= The Purple Gang (British band) =

British rock band

The Purple Gang are a British rock band active intermittently since the 1960s. They were originally associated with the London psychedelic scene. They released their debut album, The Purple Gang Strikes in 1968, with one track, "Granny Takes a Trip" banned from being broadcast by the BBC.

==History==
Although they were associated with the London psychedelic music scene, they originated in Stockport, then in Cheshire, as The Young Contemporaries jugband. The band adopted the name, The Purple Gang, when they changed their image to the well-dressed, clean-cut "gangster" style in the 1960s. In London, they engaged Joe Boyd as their record producer, and shared a studio with Pink Floyd as they recorded their first single, "Granny Takes A Trip", named after the eponymous shop in the Kings Road, London. Pink Floyd were making their own first single, "Arnold Layne", at the time.

The BBC spotted the word 'trip' in the title and, assuming it to be a reference to LSD, banned the record from their airwaves. Also noting that the band's lead singer at the time (Pete Walker) was nicknamed 'Lucifer', the BBC Controller said "... a song with a dubious title designed to corrupt the nation's youth – and a band that boasts a warlock for a singer will not be tolerated by any decent society..." An album, The Purple Gang Strikes was released in 1968, but failed to sell, although Pirate radio station DJs such as John Peel praised the group. The band continued during the early 1970s, with a slightly different line-up.

In 1998 the band reformed and recorded an album, Night of the Uncool, with several new songs by Joe Beard, some of which were produced by Gerry Robinson, the mandolin and harmonica player from the original 1967 line-up. From 1999, their new lead vocalist was Stuart Pevitt (born 27 December 1952, Sale, Cheshire, England). They enjoyed some commercial success in Eastern Europe; in Bulgaria and Hungary one of their singles, "Sunset Over the Mersey", entered the national charts.

In 2003 they re-released The Purple Gang Strikes on CD. It contained remixes of several of their 1967 songs, including the BBC-banned track "Granny Takes A Trip". Another track, "Madam Judge", was their reply to the latter's banning.

Most of their songs were written by their early members: guitarist Joe Beard (born Christopher John Beard, 28 November 1945 in Macclesfield, Cheshire), and organist Geoff Bowyer (born Geoffrey Paul Bowyer, 1948 in Leek, Staffordshire). Some other members were vocalist Pete Walker (born Peter John Walker, 1946 in Hyde, North Cheshire), jug / banjo player Ank Langley (born Trevor Langley, 1946 in Stockport, Cheshire) and mandolin / harmonica player Gerry Robinson (born David John Robinson, 1947 in Hyde). Their musical influences and styles are varied, from jug band, country and western, through psychedelic, to rock music.

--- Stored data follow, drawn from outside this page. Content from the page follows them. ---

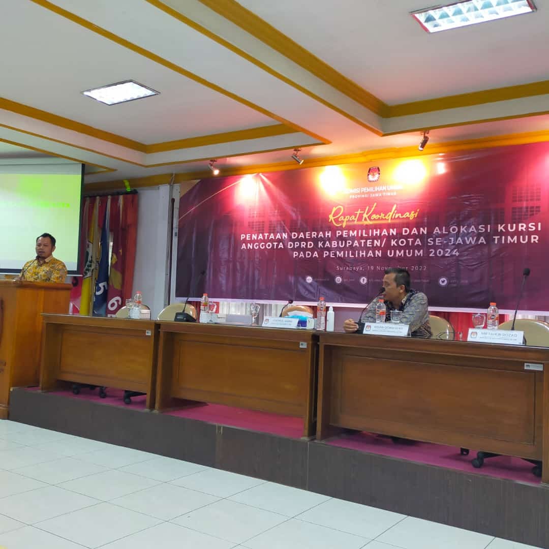 Surabaya - https://kab-pasuruan.kpu.go.id. Komisi Pemilihan Umum Kabupaten Pasuruan dalam rangka mempersiapkan penyusunan rancangan penataan daerah pemilihan (Dapil) dan alokasi kursi anggota DPRD Kabupaten/Kota untuk Pemilu 2024, menghadiri Rapat Koordinasi (Rakor) Penataan Daerah Pemilihan ( Dapil ) dan Alokasi Kursi Anggota DPRD Kabupaten / Kota se-Jawa Timur yang diselenggarakan oleh KPU Jatim pada Sabtu, 19 November 2022 di Aula Lantai 2 KPU Provinsi Jawa Timur, Jl. Raya Tenggilis No. 1-3 Surabaya.
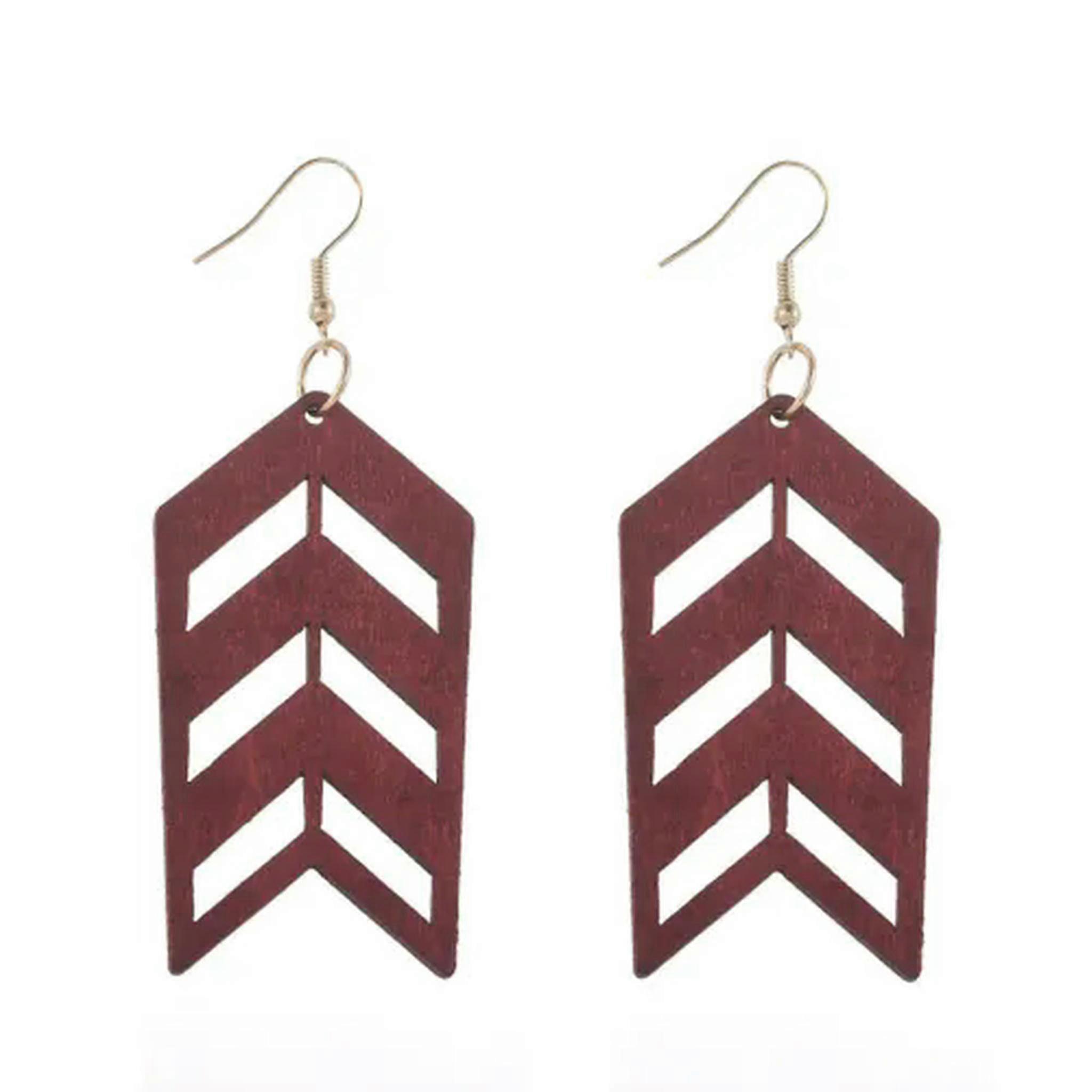 RSAMD Hollow Chevron Arrow Leaf Geometric Wood Statement Earrings Women Jewelry Gifts-Burgundy
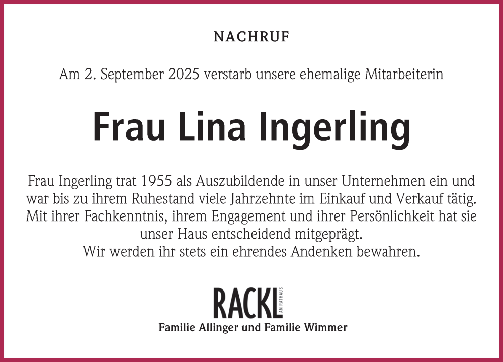 Hier finden Sie alle Traueranzeigen aus der Zeitung, die bisher für Lina Ingerling erschienen sind. Weitere Traueranzeigen, die in der Zeitung erscheinen, werden hier ebenfalls aufgelistet
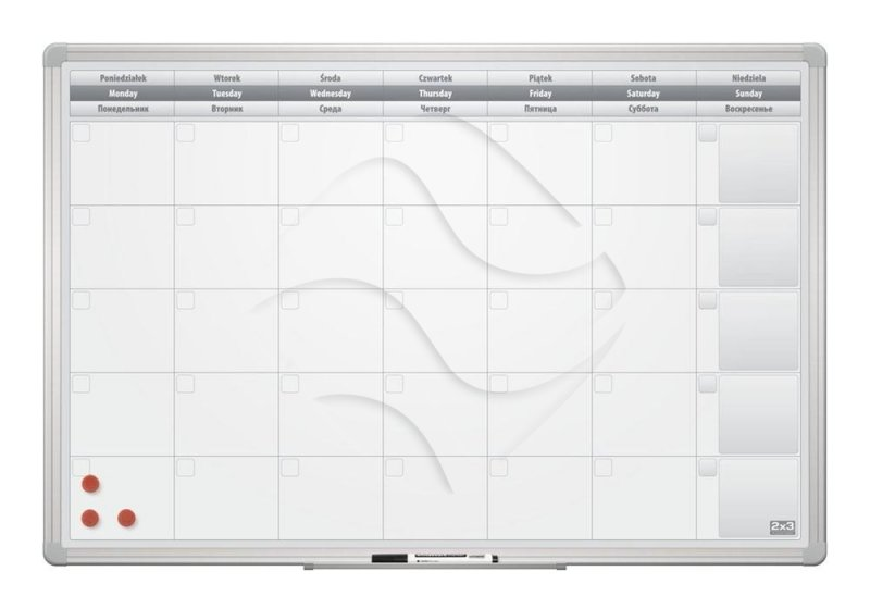 Charakterystyka: Tablica suchościeralna z powierzchnią lakierowaną o właściwościach magnetycznych. Na powierzchni znajduje się stały nadruk terminarza miesięcznego, który ułatwia planowanie zadań indywidualnych jak i zespołowych w określonych odstępach czasowych. Rama z profilu aluminiowego w kolorze srebrnym, wykończona eleganckimi, popielatymi narożnikami. Produkt wyposażono w wygodną półkę o długości 30 cm, która zmieści wszelkiego rodzaju przybory niezbędne podczas prezentacji. Uwaga: istnieje możliwość dokupienia samoprzylepnych szyldów.
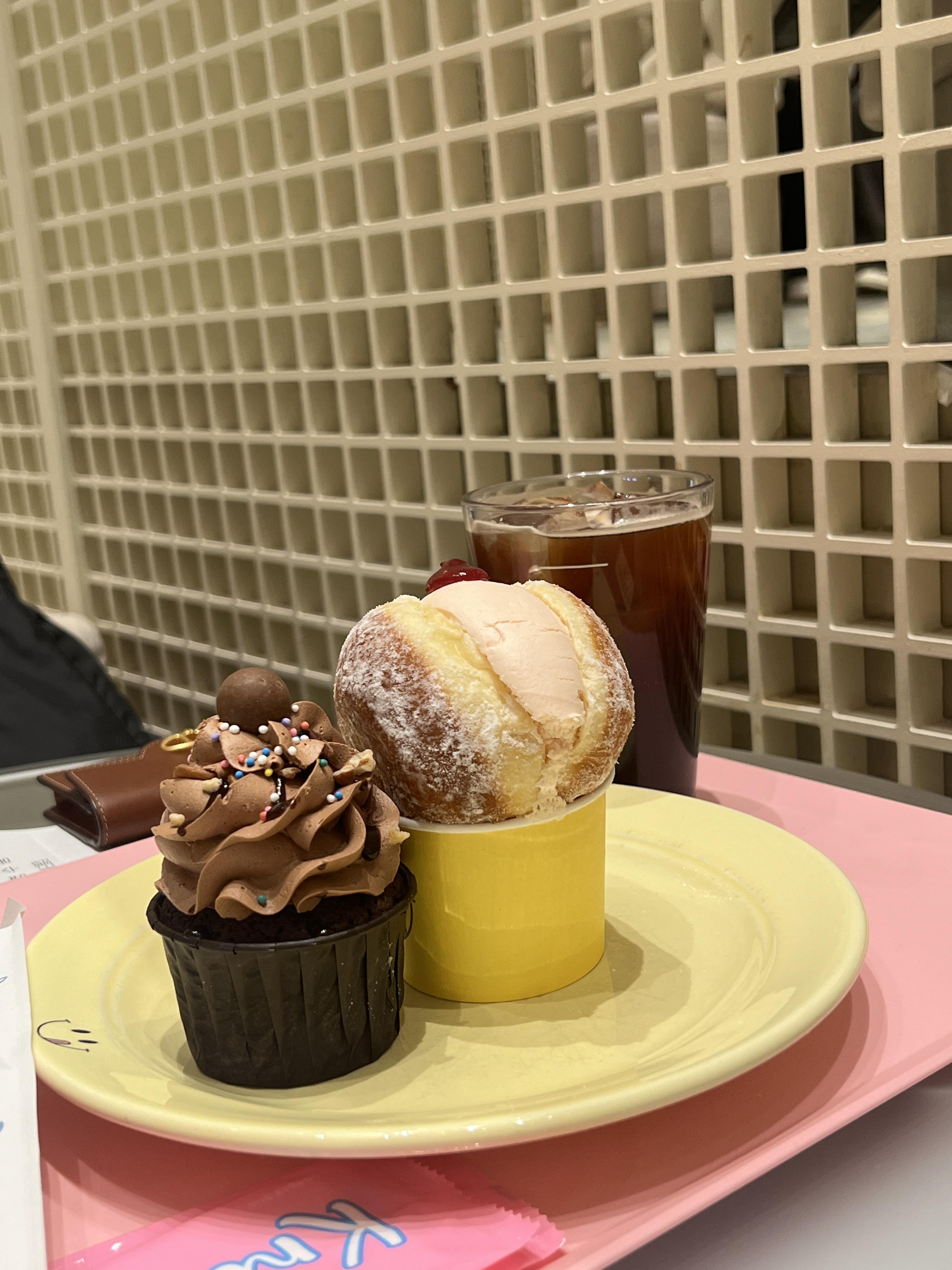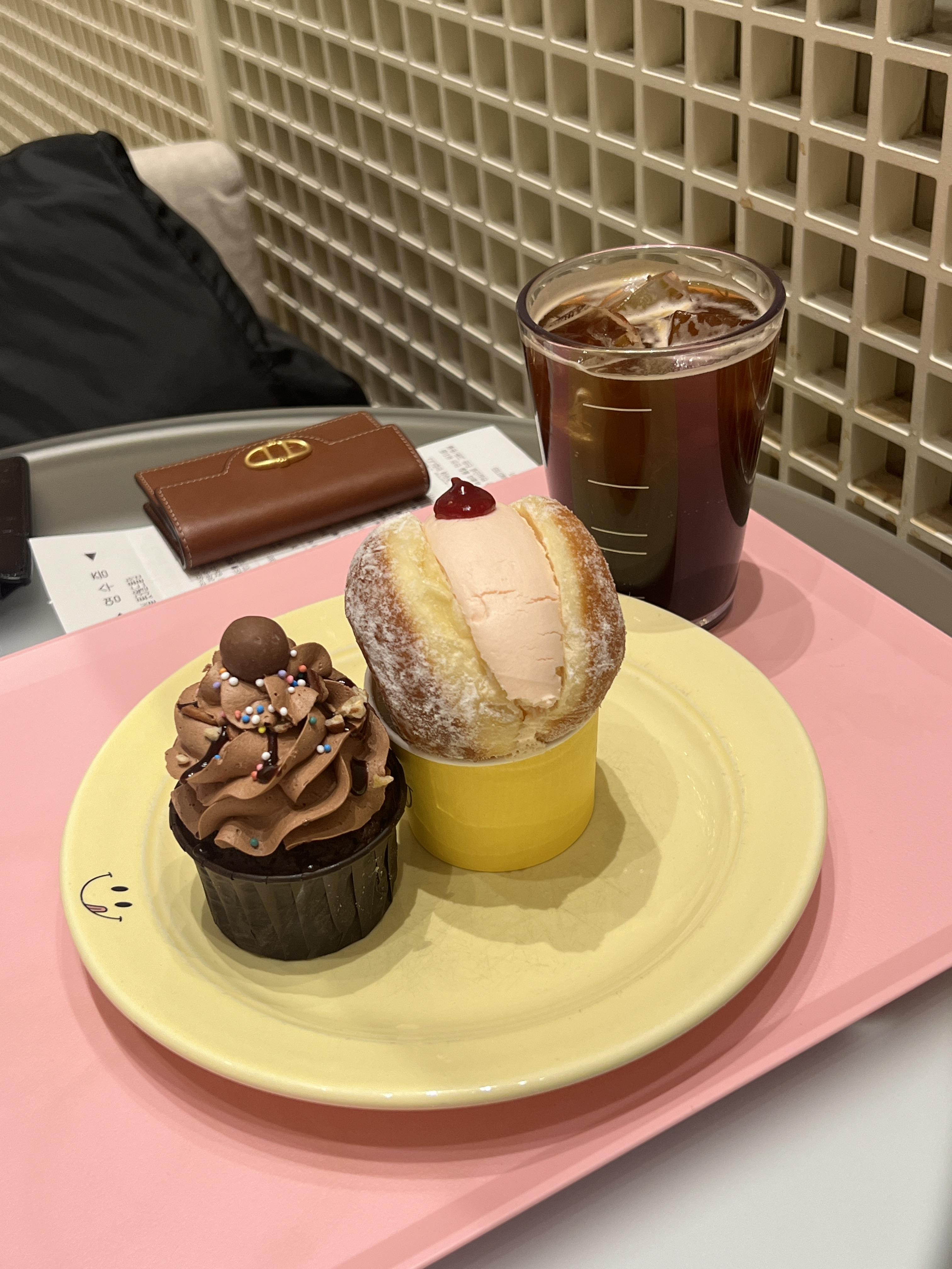 스트로베리 도넛과 초코 컵케이크 그리고 아이스아메리카노를 주문했습니다.
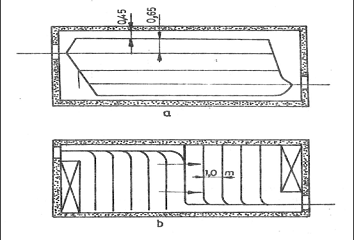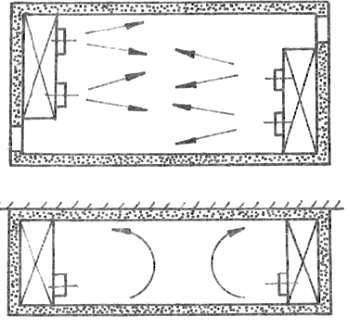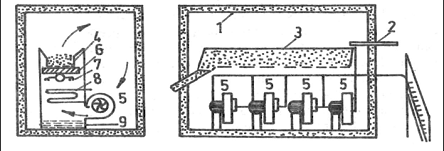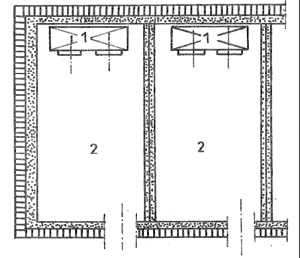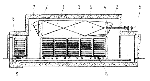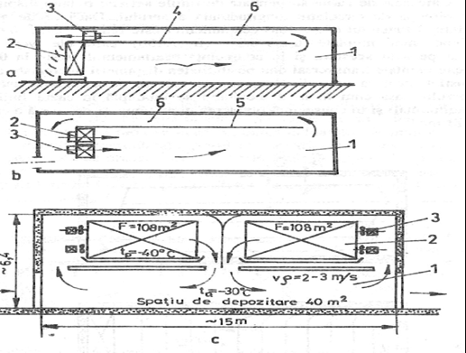 In figura este prezentat un sistem de congelare in celule, cu circulare longitudinala a aerului.
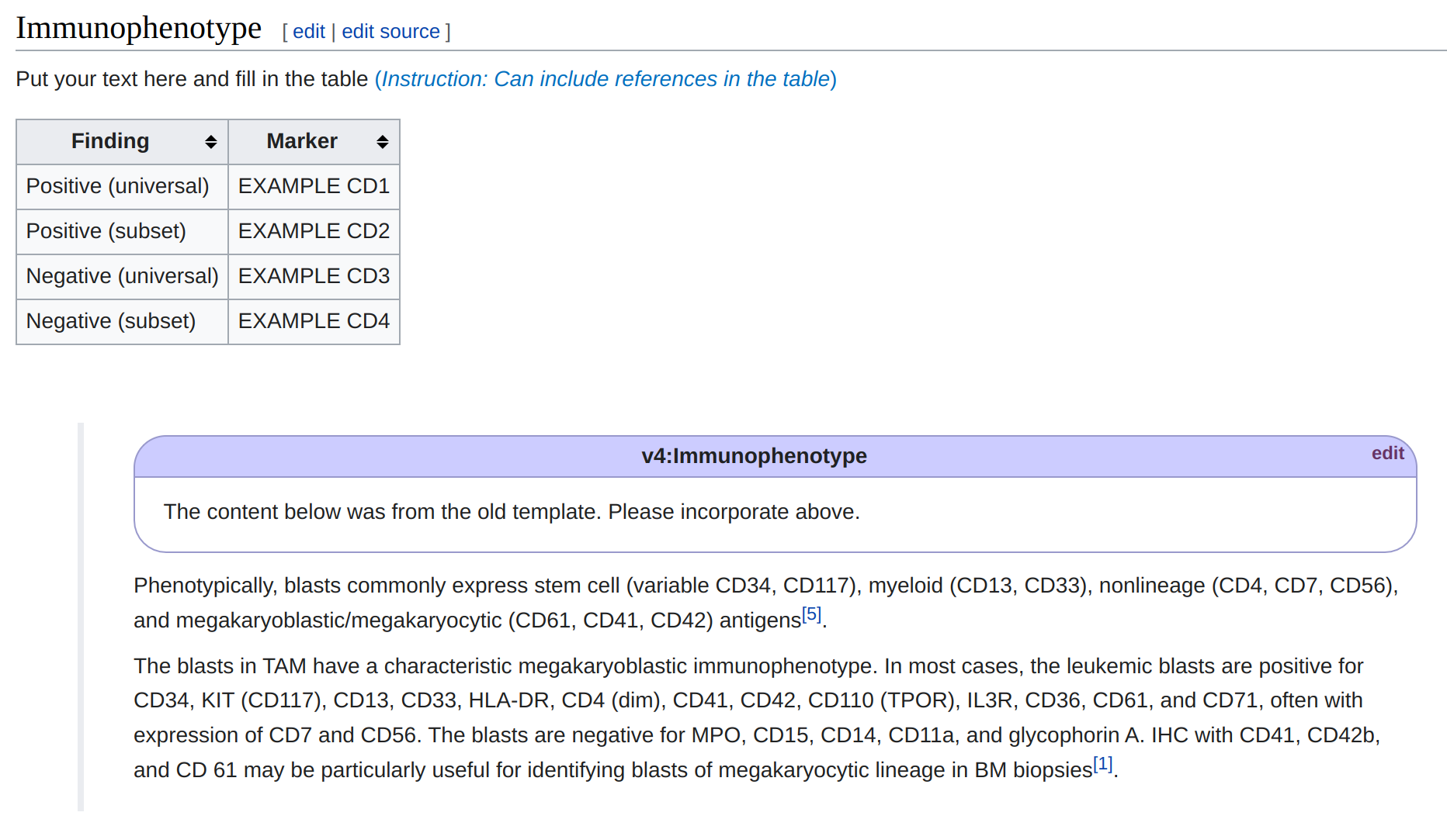- Note: The automated process has also attempted to convert older template structure to the current template on all HAEM5 pages when possible. This changes the structure of several key tables in particular. Please take the relevant content from each section and incorporate it into the new sections.

The band's unofficial headquarters was The Castle Inn, Macclesfield, where they regularly practised and jammed for their enthusiastic local fans.

Beard's biography of the band, Taking the Purple - The Extraordinary Story of The Purple Gang - Granny Takes a Trip... and All That was published in 2024.

Beard and Robinson released a new CD in 2014 – We Meant No Harm.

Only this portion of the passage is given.